Michael Dahlie: “The Pharmacist from Jena”

12/14/2011 § Leave a comment

Originally published in Harper’s, January 2012.

Dahlie wastes no time in assuring us that this is not the standard tale of mild-mannered pharmacists: first, by setting the story in 1912; second, by making the narrator the pharmacist’s nephew, newly arrived from Stockholm (to Indiana); and third, by establishing a very solid foundation of crime and corruption within this trade: “The nature of my job, a junior pharmacist, required a license from Indiana’s Board of Health, and since the board had a system to monitor such things, my father paid to have forged a certificate of academic completion….” There are never any second thoughts; this is simply the way of life in America. Those who can legally supply cocaine (“my uncle was a passionate lover of cocaine”) under a medical guise, can rise swiftly in the social scene — regardless of the early-S&M deprivations he starts toying with. (He’s into electrical stimulation — a different sort of shock therapy — and the medicine he dispenses is the unorthodox kind: “I myself never took advantage of their condition, but my uncle often disappeared with them into the expansive back rooms he used for his offices, only to return half an hour later with a pleased look and a very relieved woman rushing past me with her medicines.” It’s a story, then, about users and addicts, and the fine line between freedom and dependence; as the uncle puts it, “Whatever your aunt hates, she always loves just as much.”

Being a thematic story, the result is a sometimes hard to follow. Our narrator is a passive observer throughout the first three-quarters; he’s bearing witness to a passel of unusual “lessons” from his uncle. In the first scenario, “A brothel owner owed my uncle money and this tamed bear was meant to serve as partial repayment while he raised other funds.” Unsurprisingly, the bear, trained or not, isn’t happy being locked up in our narrator’s room all day, and so the uncle is forced to put the bear down with a 16-gauge Kremling fowler. (This detail is important in that it takes a long time.) In the next sequence, we learn that the boy from Stockholm has befriended three other immigrants; he hangs out, dabbles with instruments, does cocaine, and generally womanizes at the Tarsas Magyar (Hungarian Social Club). Things change, however, when his pal Brynnar gets a little too serious with one of the higher-class women (her father’s “chairman of the city council in Hudson”). He loves her and wants to marry her, and she . . . wants to abort the baby she’s carrying, which may or may not be Brynnar’s. This being the ’20s, Sarah heads to her local drug-dealing pharmacist, and when Brynnar shows up with a knife to stop her, he winds up with a face full of sulfuric acid. Less than a day later, he’s committed suicide, which brings us just as unmomentously to the psychiatric “treatments” his uncle begins giving to a desperate man, Dr. Reimann. The man is, indeed, almost extraordinarily cured, but his celebratory binge leaves Sarah dead of a massive overdose, and when the feds investigate, the uncle offers his nephew up on a silver platter. These vignettes don’t have direct causation between them; they’re more just symptoms which hint at a systemic illness.

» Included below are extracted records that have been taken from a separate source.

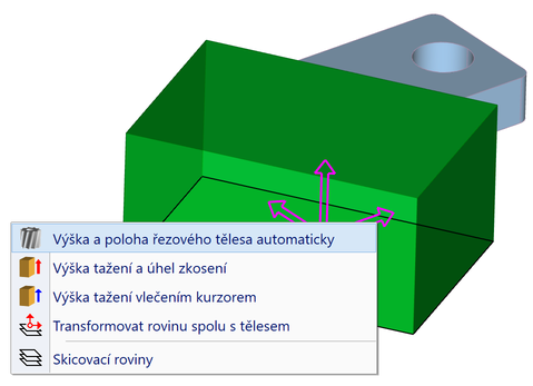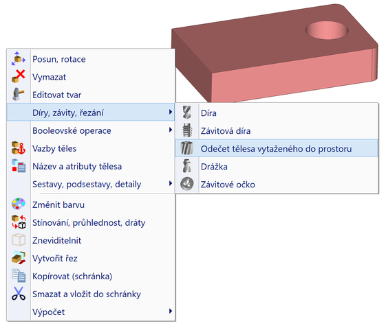 Po kliknutí pravým tlačítkem myši na horní rovinu se objeví menu. Vyberte „Odečet tělesem vytaženým do prostoru".
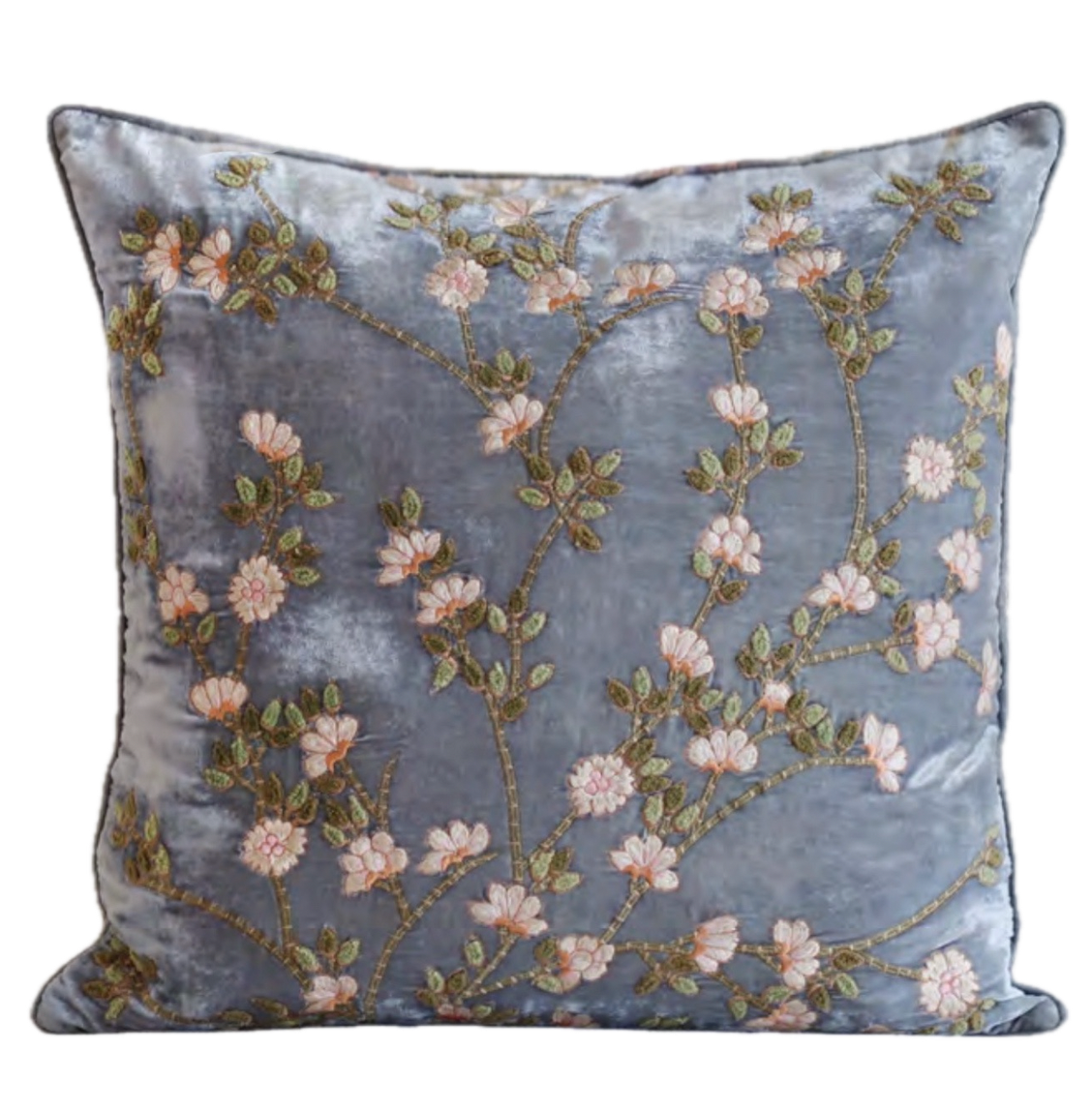 Anke Drechsel’s silk velvet pillows stand out due to their lush colors. Her master craftsmen use both fine hand embroidery and small hand-guided machines to achieve her intricate and visually stunning designs. Perfect for layering on Sofas or bed. Insert not included. Measures 20×20 inches. Made of 100% silk velvet.
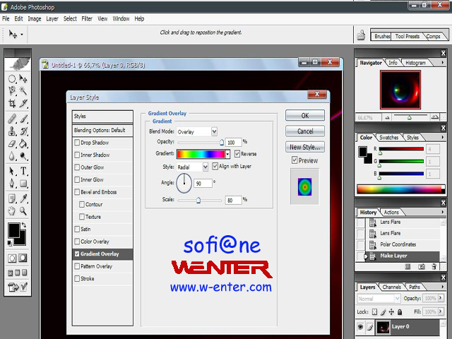 ثم نقوم باختيار gradient overly بالقيم التالية و تدرج لوني قوس قزح

And so it goes that our protagonist manages to escape the law — which is itself not above stopping off for some last-minute free opium — and to knock off his uncle in the same fashion as he once saw the man wound, blind, and eventually kill a bear. There are echoes, too, of Brynnar’s blinding, to say nothing of the idea of the nephew putting his own “trained animal” down, an act re-enforced by his return to Stockholm, and his father’s easy forgiveness: “My father leaned forward, put his hand on my shoulder, and said I had done the only thing I could.” And ultimately, as hinted at by the title’s reference to the narrator’s forged license from Jena, and explained by the final lines (in which the nephew prepares to open his own pharmacy; I’m still wondering about his legitimate experience), this story is all about how we become the people and take up the careers that we do. It’s an unusual origin story, in that we still know so little, the tale goes nowhere from here, and the lurid details therefore add nothing to the journey. It’s probably not the best way to read fiction, but when you’re reading a short a day, then when in doubt, simply move on.